[Supplied material — start]

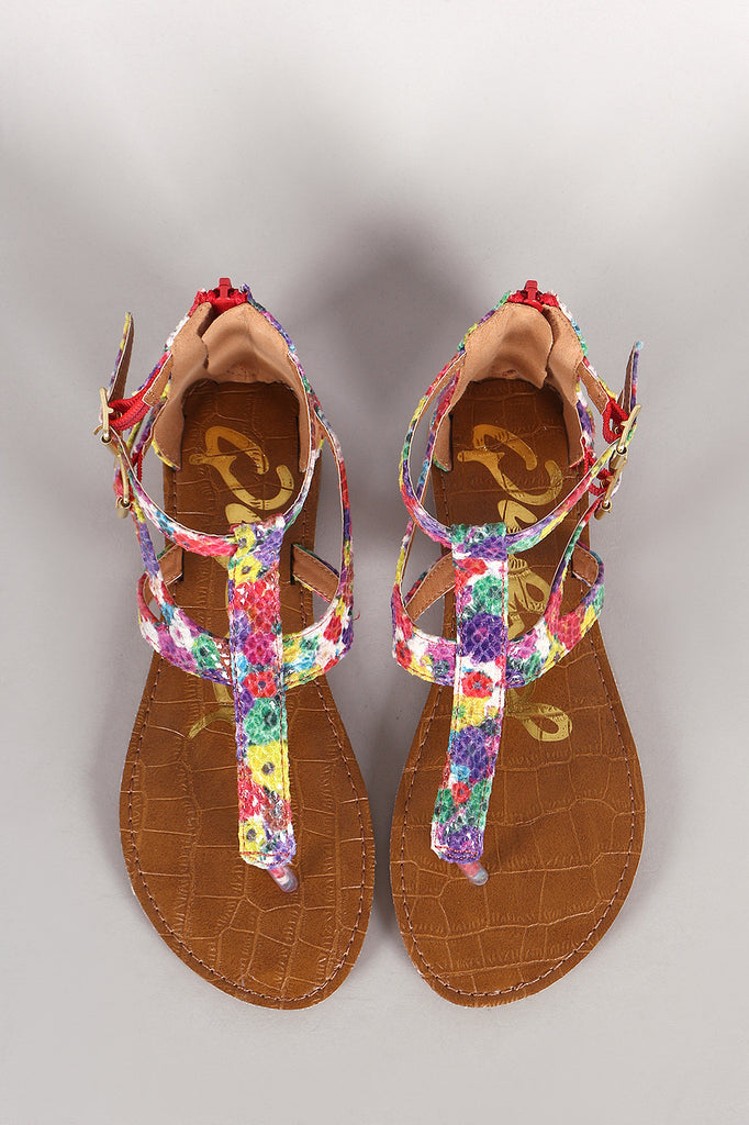 A strappy flat sandal featuring floral print vegan snake leather upper, thong t-strap design with buckle embellishments at the sides, and zip-up enclosed back.
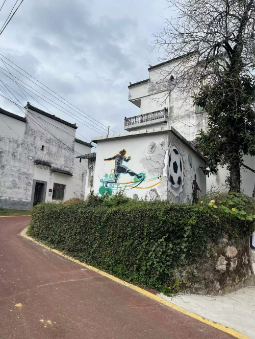图说:黄砂村有着各种体育主题民宿,村里随处可见各类体育元素
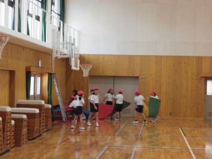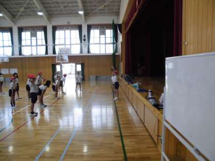 準備体操リーダーを中心に、マット運動に適した準備運動をしています。
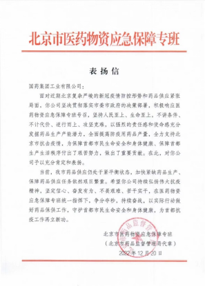 国药工业收到北京市医药物资应急保障专班表扬信
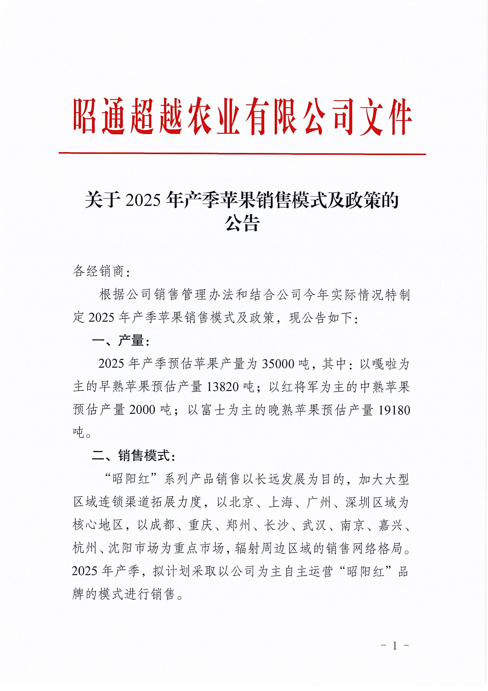 關(guān)于2025年產(chǎn)季蘋果銷售模式及政策的公告
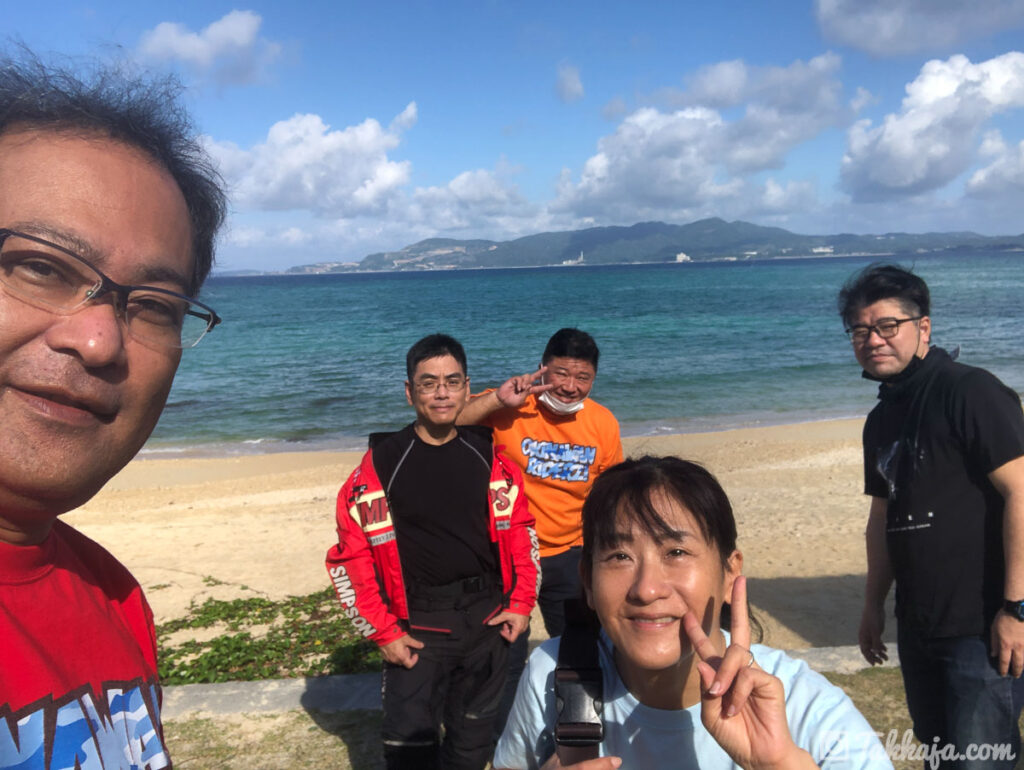 途中、名護市幸喜の名護市民ビーチで小休憩。
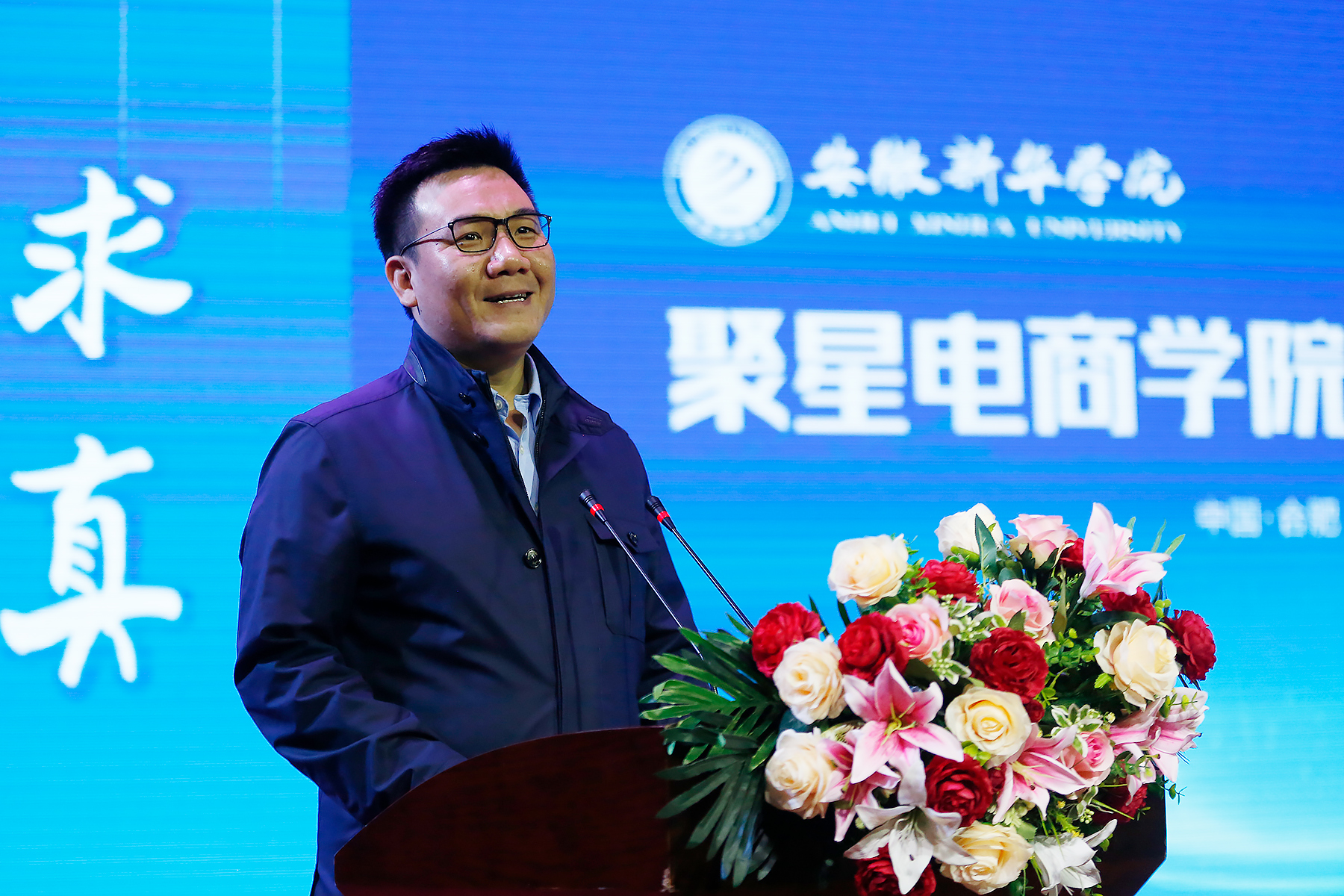 新华集团副总裁、校董事长王孝武致辞。他表示,pp电子与聚星超媒的此次牵手不仅是强强联合,共建聚星电商学院更是实现产教深度融合、强化校企协同育人、创新人才培养的重要实践。具有符合时代发展新需求、符合双方发展新要求、符合人才成长新规律的重要意义。下一步,聚星电商学院将进一步开拓产教融合新模式,打造长三角乃至全国有影响力的大学生“网红”人才培养基地,进而建设成为国内领先的数字媒体与文化产业学院!

[Supplied material — finish]

__Work required__
What the answer must hold is the exact text of every line from the one containing "準備体操リーダーを中心に、マット運動に適した準備運動をしています。" through the end of the data, minus any pictures.

__Solution for this problem__
 準備体操リーダーを中心に、マット運動に適した準備運動をしています。
 国药工业收到北京市医药物资应急保障专班表扬信
 關(guān)于2025年產(chǎn)季蘋果銷售模式及政策的公告
 途中、名護市幸喜の名護市民ビーチで小休憩。
 新华集团副总裁、校董事长王孝武致辞。他表示,pp电子与聚星超媒的此次牵手不仅是强强联合,共建聚星电商学院更是实现产教深度融合、强化校企协同育人、创新人才培养的重要实践。具有符合时代发展新需求、符合双方发展新要求、符合人才成长新规律的重要意义。下一步,聚星电商学院将进一步开拓产教融合新模式,打造长三角乃至全国有影响力的大学生“网红”人才培养基地,进而建设成为国内领先的数字媒体与文化产业学院!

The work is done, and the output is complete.